Yale French Studies
- Discipline: French studies
- Language: English
- Edited by: Nichole Gleisner

Publication details
- History: 1948-present
- Publisher: Yale University Press (United States)
- Frequency: Biannually

Standard abbreviations
- ISO 4: Yale Fr. Stud.

Indexing
- ISSN: 0044-0078
- JSTOR: 00440078
- OCLC no.: 315867176

Links
- Journal homepage; Online archive;

= Yale French Studies =

Yale French Studies is an academic journal published biannually by Yale University Press and connected with the French department at Yale University. It is the oldest English-language journal in the United States devoted to French and Francophone literature and culture.
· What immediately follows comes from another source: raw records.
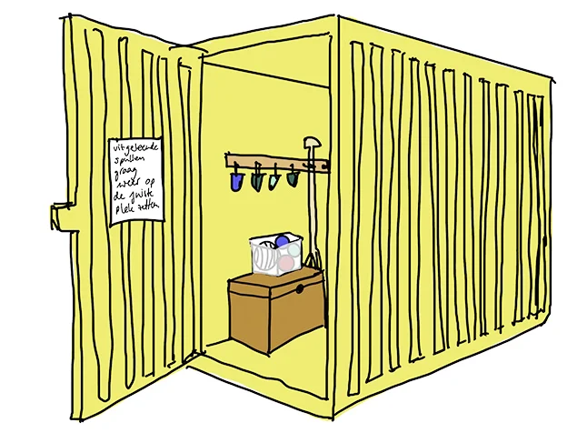 In de herfst van 2024 begon Studio Bas Sala met het eerste programmadeel op het Evenaarplein. Niet met complexe plannen of ingewikkelde praat, maar met hout, hamers, soep en voetbal. Een opvallende gele container werd op het plein geplaatst en diende als  opslagplaats en uitvalsbasis. We gingen letterlijk aan de slag om verhalen van buurtbewoners op te vangen en te werken aan sociale verbondenheid.
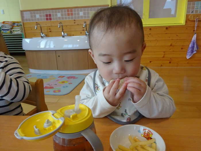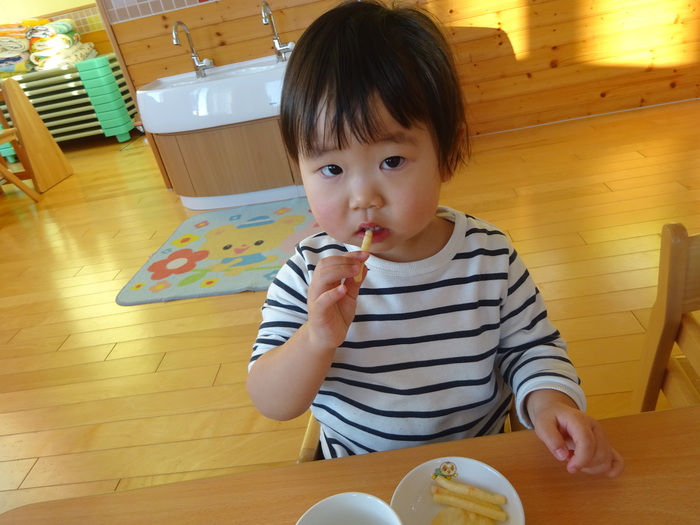 日に日に寒さが増し、 本格的に冬が訪れました✨ 寒さに負けないリリーの子ども達★ 元気いっぱい遊んで ぐっすりお昼寝をした後は・・・ みんなが大好きな”おやつの時間” 『今日のおやつ何~?』と保育者に 質問する程楽しみにしています♪♪ おやつが目の前に来ると 早く食べたくて待ち切れない子ども達です! 『いただきまーす!』と大きい声で 挨拶をして友達とお話しをしながら 楽しく食べています☆☆ | ||
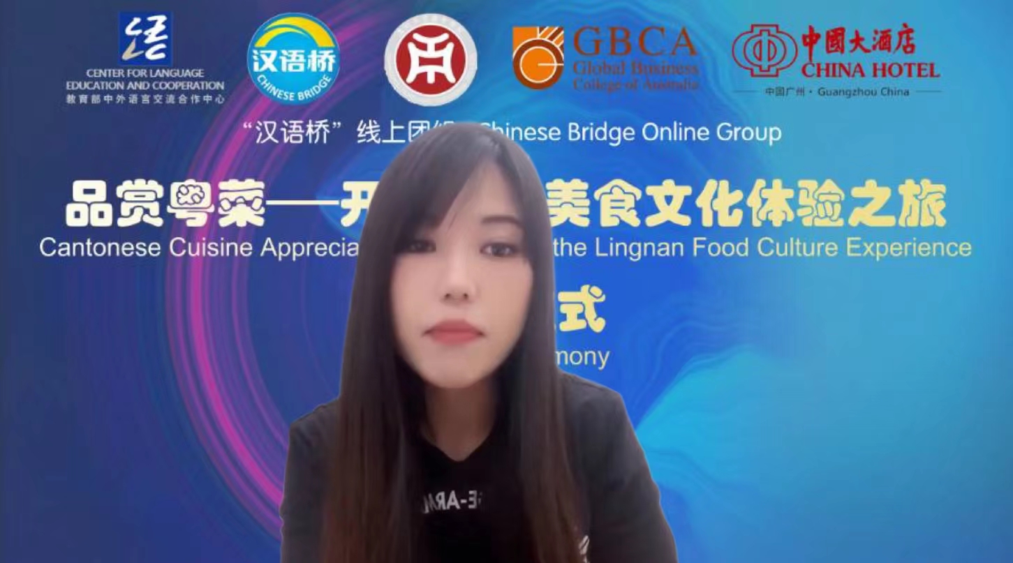 “汉语桥”线上团组“品赏粤菜——开启岭南美食文化体验之旅”交流项目由教育部中外语言交流合作中心主办、在线买世界杯平台承办、澳洲国际商学院和中国大酒店协办,旨在传承中华优秀传统文化,讲好中国故事,彰显岭南美食文化特色。
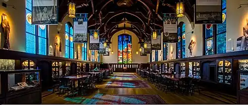 The Werkmeister Humanities Reading Room opened in 1991 as a quiet place for student study in Dodd Hall's west wing. It was named for Professor William H. Werkmeister and his wife, Dr. Lucyle T. Werkmeister in the Department of Philosophy.[3] The professor was one of the nation's foremost authorities in the field of philosophy and authored the book, "History of Philosophical Ideas in America", printed in 1949.[4] Department lectures and symposia were often held in Werkmeister.[2] On October 31, 1997, the Werkmeister Window was unveiled and dedicated.[2] The design was by Professor Emeritus Ivan Johnson, crafted by Bob and JoAnn Bischoff, and depicts four well-known FSU buildings.[3] The window took a decade to build and is composed of over 10,000 glass pieces. It stands 22 feet tall, ten feet wide, and completed the first phase of renovation.[2]
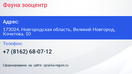 Фауна, зооцентр по адресу 173024, Новгородская область, Великий Новгород, Кочетова, 10 в дальнейшем Организация, размещена в следующих категориях:
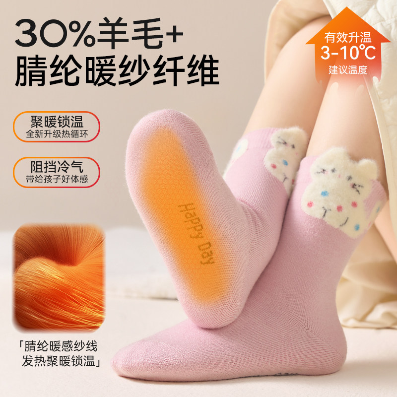 女童袜子冬款加厚羊毛袜儿童秋冬无骨棉袜女孩中大童保暖长筒袜冬

It was established in 1948 by editor Robert Greer Cohn, and is currently edited by Nichole Gleisner, who became editor in 2022 after longtime editor Alyson Waters retired. The first issue was devoted to existentialism and featured scenes from the play Les Mains sales (Dirty Hands) by Jean-Paul Sartre in addition to essays on the emerging philosophical movement and its key proponents such as Sartre and Albert Camus. Through its long tenure, Yale French Studies has published a wide range of renowned scholars including Paul De Man, Jacques Derrida, René Girard, Richard Howard, Fredric Jameson, Barbara Johnson, Naomi Schor, and Jean Starobinski.